Judge McEvers stated the executive branch is proposing to allow leave to care for a grandchild,
sibling, step-child and disabled adult child, which are all beyond FMLA. The executive branch is
also proposing to add a sentence that states “parents who both work for the state of North Dakota
and qualify for leave to care for a child with a serious health condition are not required to
combine their leave.” She also noted with regard to military family leave for a qualifying
exigency, the executive branch allows 12 weeks of leave, and the court allows 16 weeks.
Judge McEvers said after doing the research, it basically becomes a matter of policy of what we
want to offer as an employer that is more expansive than FMLA requires.
Rod Olson stated there is confusion as to when FMLA starts, and it is handled inconsistently
throughout the units. He suggested using a one-week grace period because there is a difference
between having a cold and being seriously ill. Sally Holewa said FMLA is a protection for the
employee. It is a guaranteed protection of their job to prevent the employer from using the
employee’s absences against them or somehow penalize them. Her concern with using a grace
period or not starting FMLA when we become aware of the condition is that it is essentially
denying them a protection that they might be entitled to. She said the employee loses nothing by
starting it and running it concurrently, and noted it is important for all units to be following
FMLA consistently statewide.
Judge McEvers suggested the policy require an employee to use up their paid leave first and
suggested running the leave concurrently to avoid missing any of the requirements of FMLA. An
employee could remain on leave until their sick leave and annual leave are exhausted. After that,
they are eligible for donated leave.
Ross Munns questioned the language under D.3.a. He said if the leaves run concurrently, is it
really not unpaid leave? Ms. Klein responded the federal law only mandates that the employee is
guaranteed the time off without any adverse effects. It does not require the employer to pay it.
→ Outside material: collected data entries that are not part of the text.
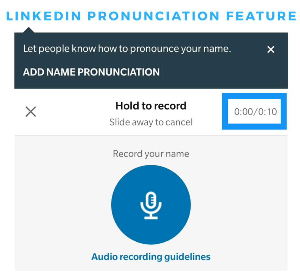 Well, LinkedIn has come to his & its users rescue. They’ve released the Pronunciation Feature in the name badge, where the user can record a 10 second audio for the same.
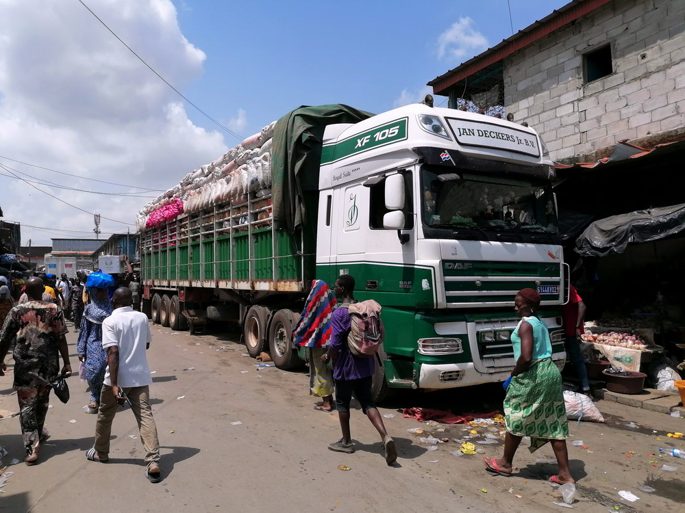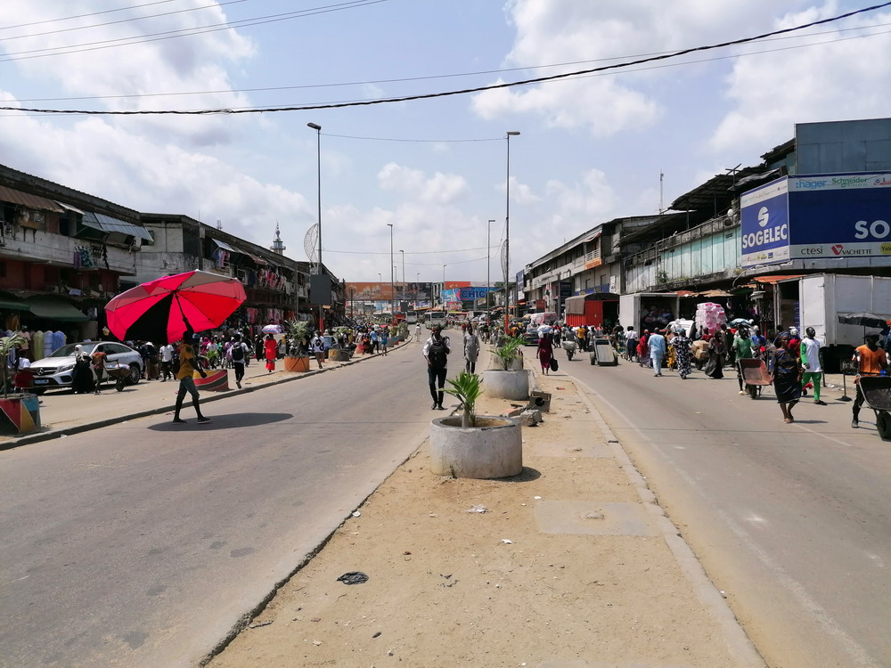 Erstaunlicherweise wurden wie, wie auch vorher in Benin und Togo, kaum behelligt. Der weiße Mann fällt auf, der weiße Mann wird bemerkt und angeschaut, aber nur in seltenen Fällen angesprochen oder gar belästigt. In den Abendstunden dürfte es in diesem Stadtteil allerdings anders zugehen. Adjamé scheint ein einziges riesiges Marktviertel zu sein. Viele Straßen sind unbefestigt. Überall stehen dicht an dicht Shops und Stände, Träger versuchen sich den Weg zu Bahnen und dazwischen stehen und fahren liefernde Lkw, zum Teil große Sattelschlepper. Die Szenerie kann man kaum in Worte fassen. Warum in aller Welt sich ausgerechnet dort ebenfalls auf einer unbefestigten Straße, wo alles durcheinander rennt und fährt, wo es viel zu eng für große Reisebusse ist, die Busunternehmen niedergelassen haben, kann man wohl nur mit Afrika erklären. Die Fahrer haben es aber drauf, rangieren sicher und geduldig. Wir kauften beim erwählten Anbieter UTB schon mal unsere Tickets für den kommenden Morgen bei einer pfiffigen jungen Dame, die etwas Englisch sprach und uns der Einfachheit halber in ihr Büro bat, statt uns am wuseligen, engen Schalter abzufertigen und sahen dann zu, dass wir da weg kamen.
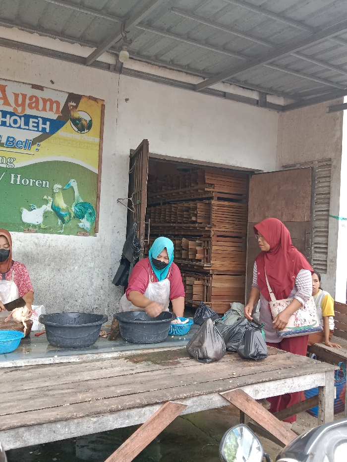 Three women wearing hijabs and masks are working at an outdoor food preparation area. One woman is chopping chicken. Another is washing it in a large black tub. Several bags of prepared chicken sit on the table. A fourth person in a yellow shirt is looking at the scene. The building behind them is lined with wood planks. A faded sign for Ayam OLEH is hanging on the building. A motorcycle is parked in front of the table.
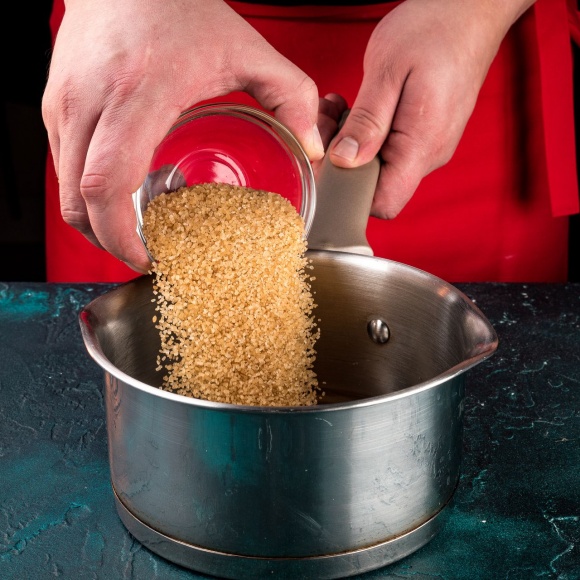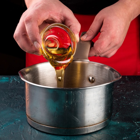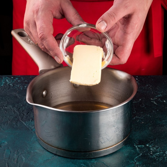 Снимите кастрюльку с огня, добавьте сливочное масло и распустите его в медово-сахарном сиропе.

It was moved by Ross Munns, seconded by Kari Landsem, to insert the following after the
first sentence in section A: “An employee is required to use all eligible paid leave,
according to the leave policies, in conjunction with FMLA before taking unpaid leave.”
The motion carried.
It was moved by Judge McEvers, seconded by Ross Munns, to insert the following sentence
at the end of the first paragraph in section A: “It is the intent of the Court System to meet
or exceed the protections of the Family Medical Leave Act.”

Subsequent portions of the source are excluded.